Time passed with more agony. He could no longer feel his fingers. He was suffocating, it was so hard to breathe. The captain of the guard entered moments before Emperor Manuel (or did Manuel arrive first followed by the captain of the guard). Andronikos was fading in and out of awareness. Statements of outrage and disbelief. What is to be done? He could not have gone far? Someone must have helped him? The Papias related what the boy said, and what the neighboring prisoner claimed he did not see. The Master of the Inkstand arrived. Were they going to write the dispatches to the harbormasters one by one in the cell above him?
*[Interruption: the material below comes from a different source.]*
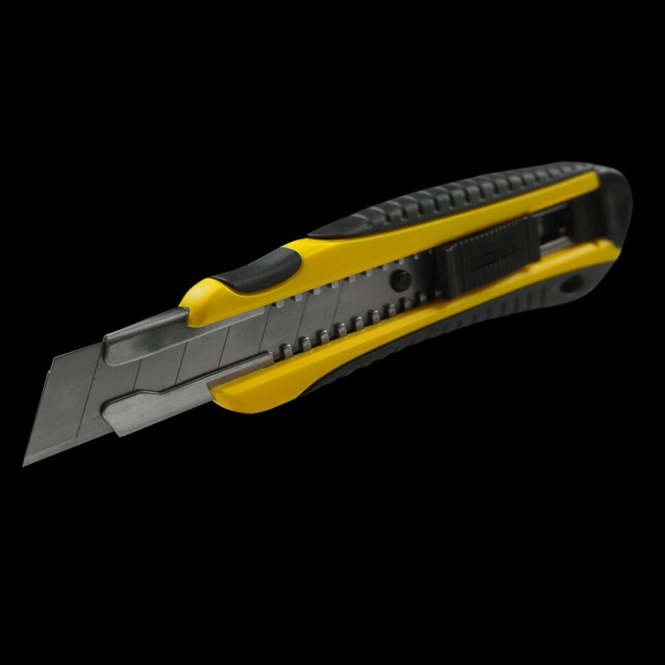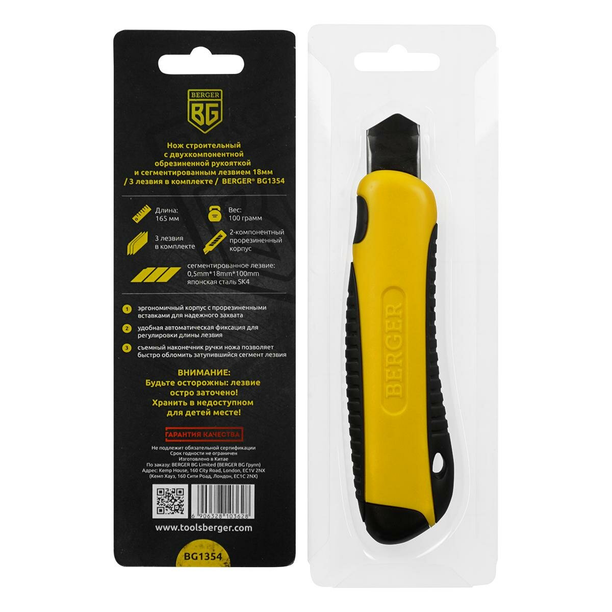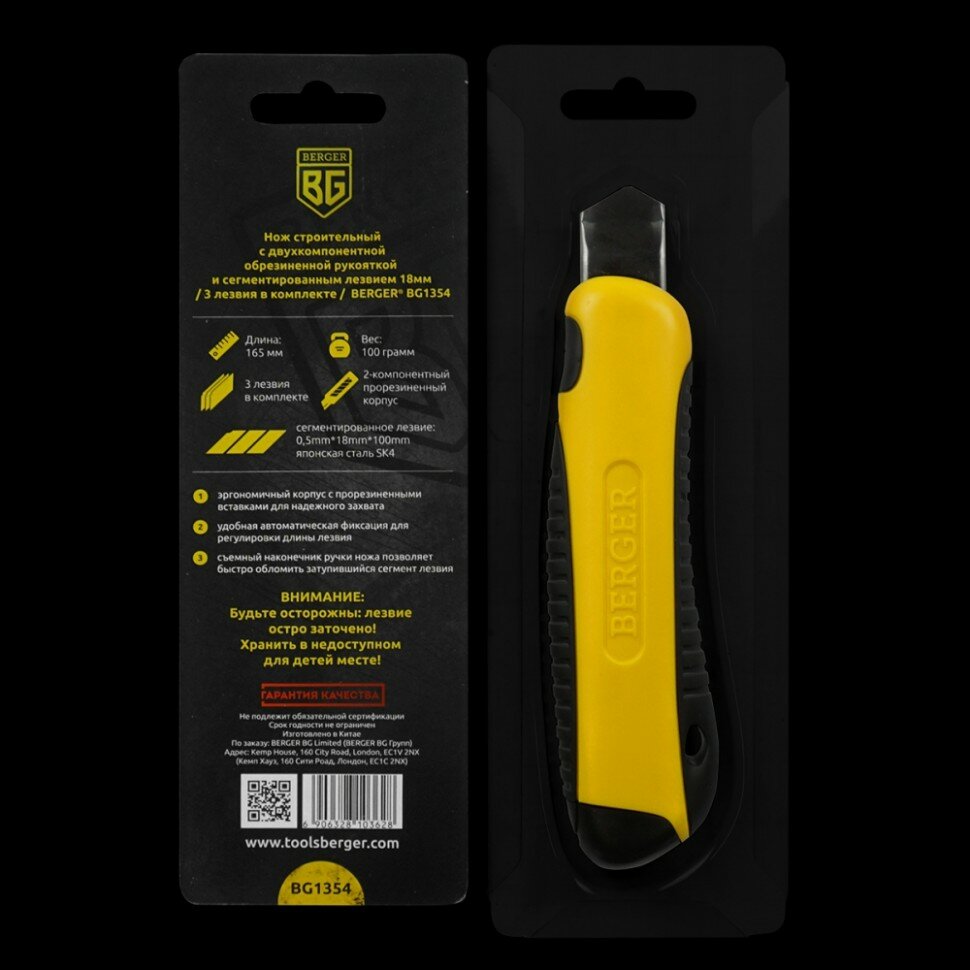Строительный нож Berger BG1354 18мм, с 3-мя лезвиями в комплекте - предназначен для работ как с плотными материалами, так и для работ с мягкими, например тканями. За счет выдвижной конструкции он удобен и безопасен в использовании. Инструмент применяется в различных сферах: на стройке, в офисе, в домашнем обиходе и частных мастерских.Преимущества Японская сталь SK4, благодаря которому лезвие долгое время сохраняет остроту заточки Эргономичный корпус с прорезиненными вставками для надежного захвата Удобная автоматическая фиксация для регулировки длины лезвия Съемный наконечник ручки ножа позволяет быстро обломить затупившийся сегмент лезвия

Sure enough - page after page written, sealed, signed. His shoulders. His back. His knees. He stifled his wimpers of pain. So exhausted. He had been awake all night. Why was everyone standing about in the cell, when it was clear he was not in it? Please God why would they not simply go out - leaving the cell door unlocked behind them?
Just before he lost consciousness there was some discussion of keys. The gaoler had one set and the Papias kept another in his desk which he had brought with him when summoned. Both keys were present and accounted for.
The Papias kept a key in his desk.
Just after he blacked out the order was given for possible accomplices to be brought in for questioning.